A royal police officer who stole a dead woman’s pictures to pose online as a 17-year-old girl “for kicks” has avoided jail.
Pc Adam Cox, 31, was working in Parliamentary and Diplomatic Protection when he created an alter ego called Emily Whitehouse to exchange explicit sexual chat with three men online.
On being asked to send them sexually revealing photographs, Cox found images online of a Canadian woman who committed suicide at the age of 21 and passed them off as “Emily”.
Police investigating the Emily online chat raided his home last year.
They found 1,691 indecent and extreme images, with one featuring an infant and others showing children as young as seven.
He told police: “I’m not hoarding images. I have never meant to hurt anyone. I’m not a collector. I’ve not got a secret stash.”
On his Emily persona, he said: “It’s me. It’s not me. It’s madness, a way of escaping reality.”
Cox, from Windsor in Berkshire, pleaded guilty at the Old Bailey to four counts of possession of indecent images – 645 of the most serious category A pictures, 201 category B, 449 category C, and 396 extreme pornographic images of bestiality.
He denied encouraging three men to attempt to get indecent images from “Emily” and the charges were ordered to lie on file.
Cox’s duties included security of embassies, Parliament and the royal family (Andrew Milligan/PA)
Judge Mark Dennis QC sentenced Cox to 20 months in prison suspended for two years and 250 hours of unpaid work.
He said: “It should be a matter of enduring shame on his part that he engaged in this offending with complete disregard for his oath and responsibility as a serving police officer.”

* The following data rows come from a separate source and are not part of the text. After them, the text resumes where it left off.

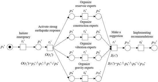 Based on the STD emergency response workflow in Section 5.1, a set of activities can be extracted. A13 = {Initiate emergency, Activate strong earthquake response, Organize reservoir experts, Organize construction experts, Organize vibration experts, Organize gravity experts, Make a suggestion, Implementing recommendations}, a logical Petri net model  about the STD can be developed based on this and in conjunction with the emergency response workflow of the STD. For , , , , , , , , and . Figure 5 shows the specific structure of the PN13 model.
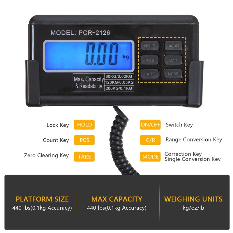 - 🐫【 FUNCTION 】3 weighing units switch: kg/oz/lb, 3 ranges: 60kg (0.02kg Accuracy), 120kg (0.05kg Accuracy) and 200kg (0.1kg Accuracy), respectively for different items. Overload and low power indication. It can be wall-mounted or desktop independent digital display.
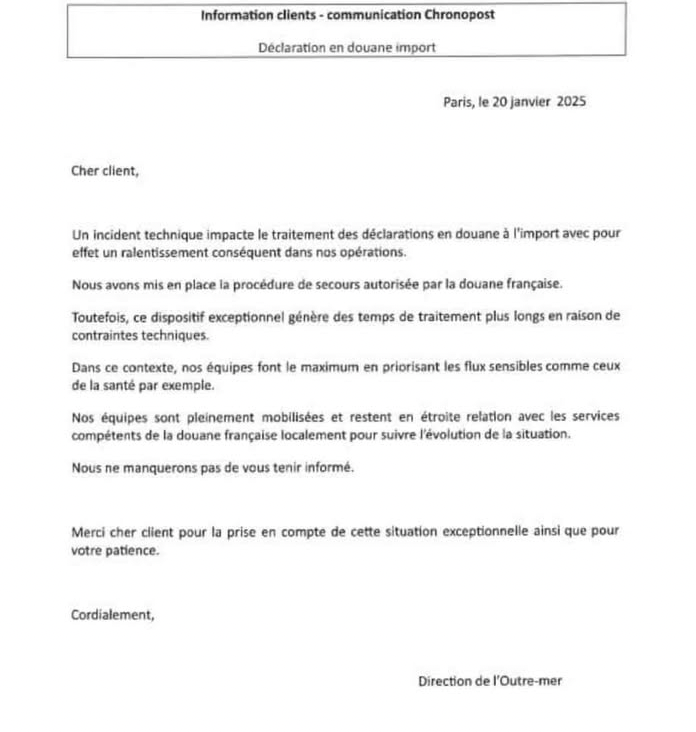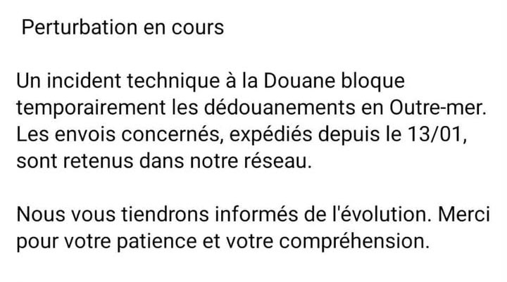 Un internaute a alerté Imaz Press sur les difficultés rencontrées pour récupérer son colis. Il explique avoir reçu un message de Colissimo où il est écrit : "un incident technique à la douane bloque temporairement les dédouanements en Outre-mer".
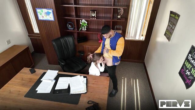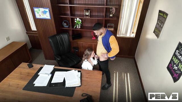 Description:Mike is absolutely convinced that Ms. Olsen is out to get him. Low grades, detentions, and all kinds of punishments are making this jock’s senior year a living hell—and he’s determined to get back at her, no matter the cost. One day, he catches Ms. Olsen engaging in inappropriate behavior on school grounds, and he secretly records the whole thing on his phone. Later, he confronts her in her office and tells her what he saw. Anya tries to brush him off with threats, but Mike shows her the footage. Now, her job is on the line—and it’s up to Mike whether she stays or goes. The horny student starts fondling her, giving him a clear idea of what he has in mind. Ms. Olsen plays along, striking a horny deal with her student, sealed with hot cum, to keep the whole incident under wraps.
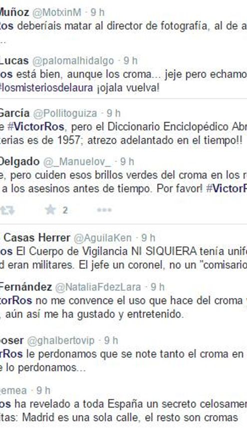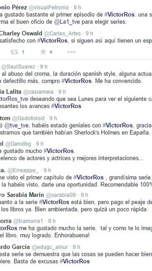 El estreno de 'Víctor Ros' en TVE convirtió a la serie en Trending Topic dejando en la red social un alud de comentarios positivos sobre el Sherlock Holmes español. Tanto el reparto encabezado por Carles Francino, Esmeralda Moya y Megan Montaner como la trama y la adaptación de los libros tuvieron buenas críticas. Al parecer, el público toma la ficción como una buena sustituta para los amantes de 'Los misterios de Laura'. Los brillos verdes de los cromas fueron los que se llevaron la peor parte.
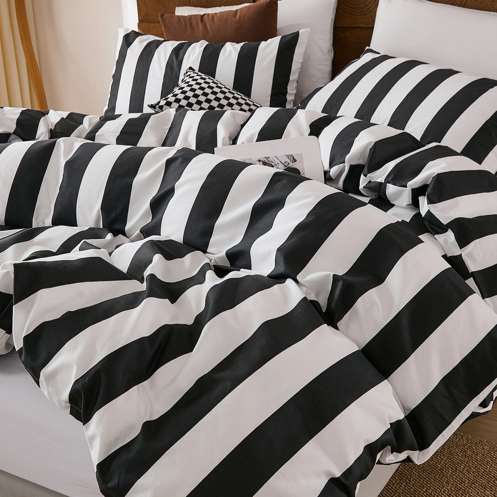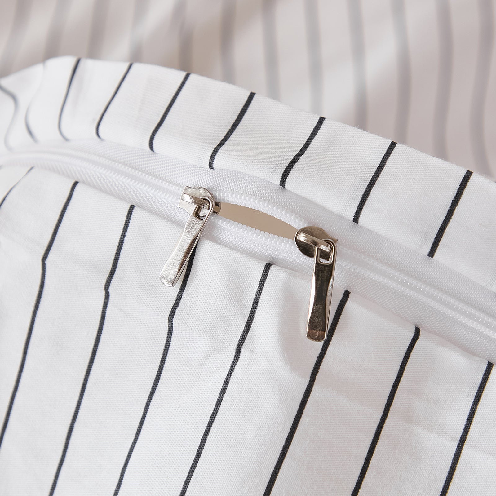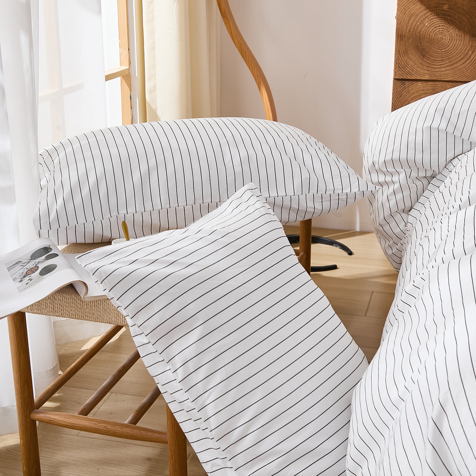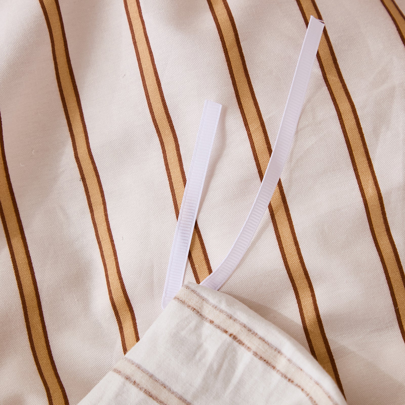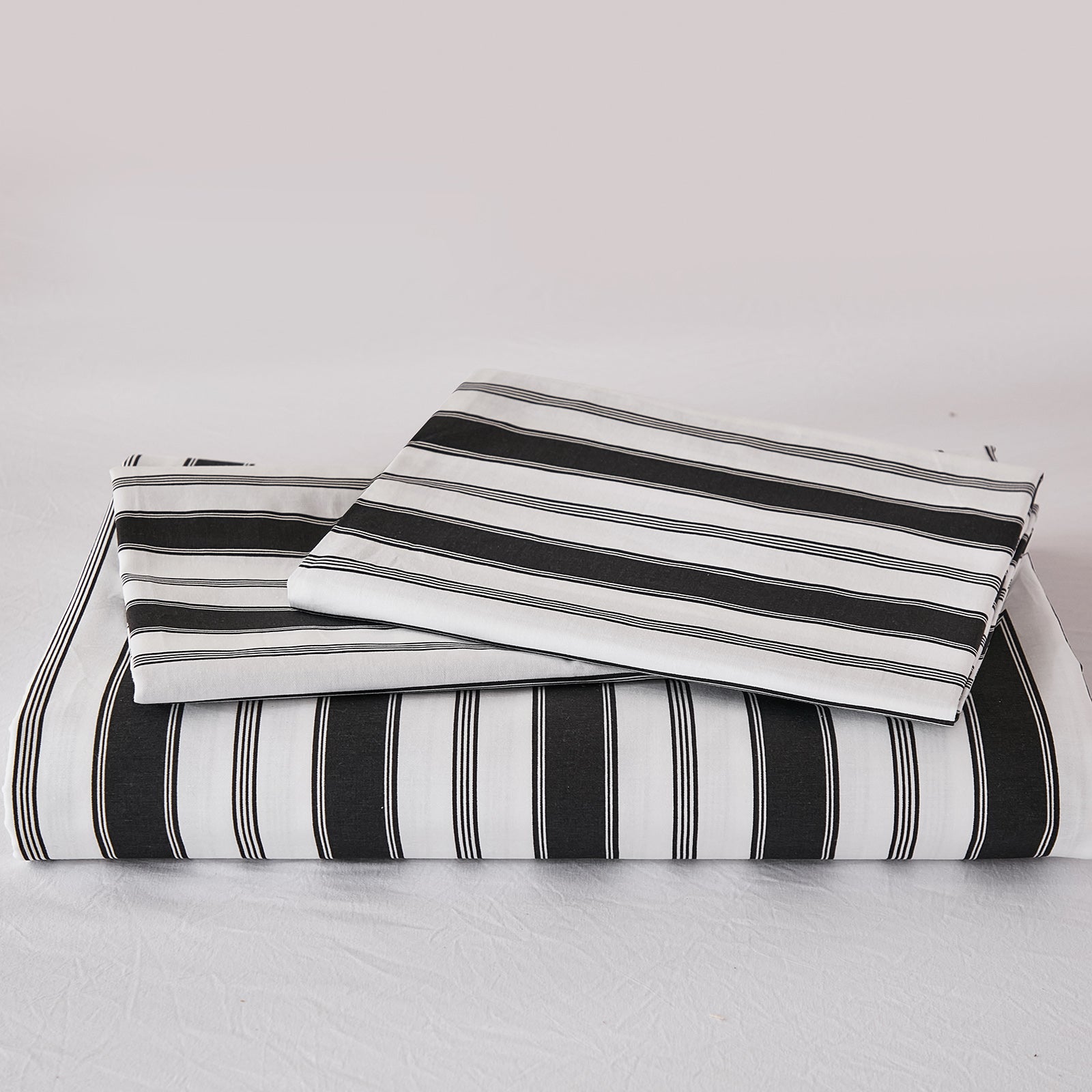 Striped Cotton Duvet Cover Set - Linen Like Reversible Bedding with Zipper and 8 Corner Ties, Soft All Season Cover,
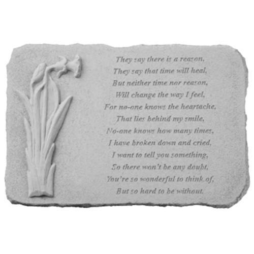 The There Is A Reason Memorial Stone is made of cast stone and is weatherproof. This product is made for outdoor or indoor use. A wonderful memorial for your lost love.
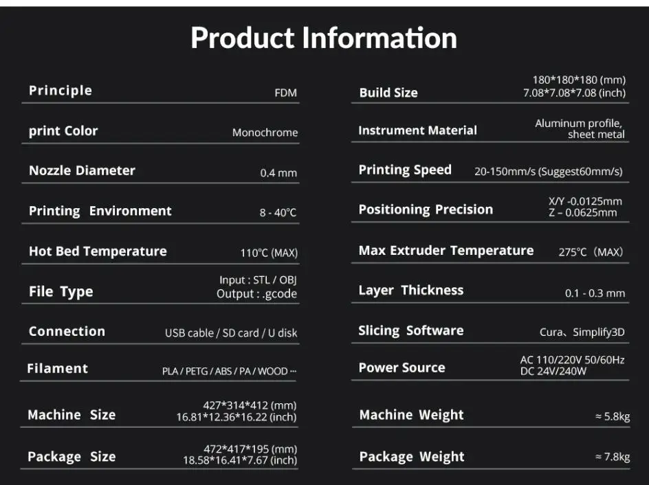 BuildSize:180*180*180mm(7.08*7.08*7.08 inch)

Prosecutor Charles Falk said Cox had been working for the Metropolitan Police with responsibility for the security of embassies, Parliament and the royal family.
Mitigating, Nick Yeo said Cox had expressed “intense remorse” and faced losing his job as a result of the case.
Judge Dennis said Cox had pretended to be a teenage girl “for kicks”, adding it was “troubling” that he had yet to come to terms with what it was all about.
Harry Gibbs, 32, of Stevenage, Hertfordshire, Andrew Monk, 39, of Kettering, Northamptonshire, and Ajai Shridhar, 46, of Ealing, west London, admitted attempting to possess indecent images of children and were each handed a 12-month community order.
Cox has been made subject to a sexual harm prevention order and has been suspended from duty since his arrest.
The Met’s Directorate of Professional Standards (DPS) will conduct a misconduct review once criminal proceedings are complete.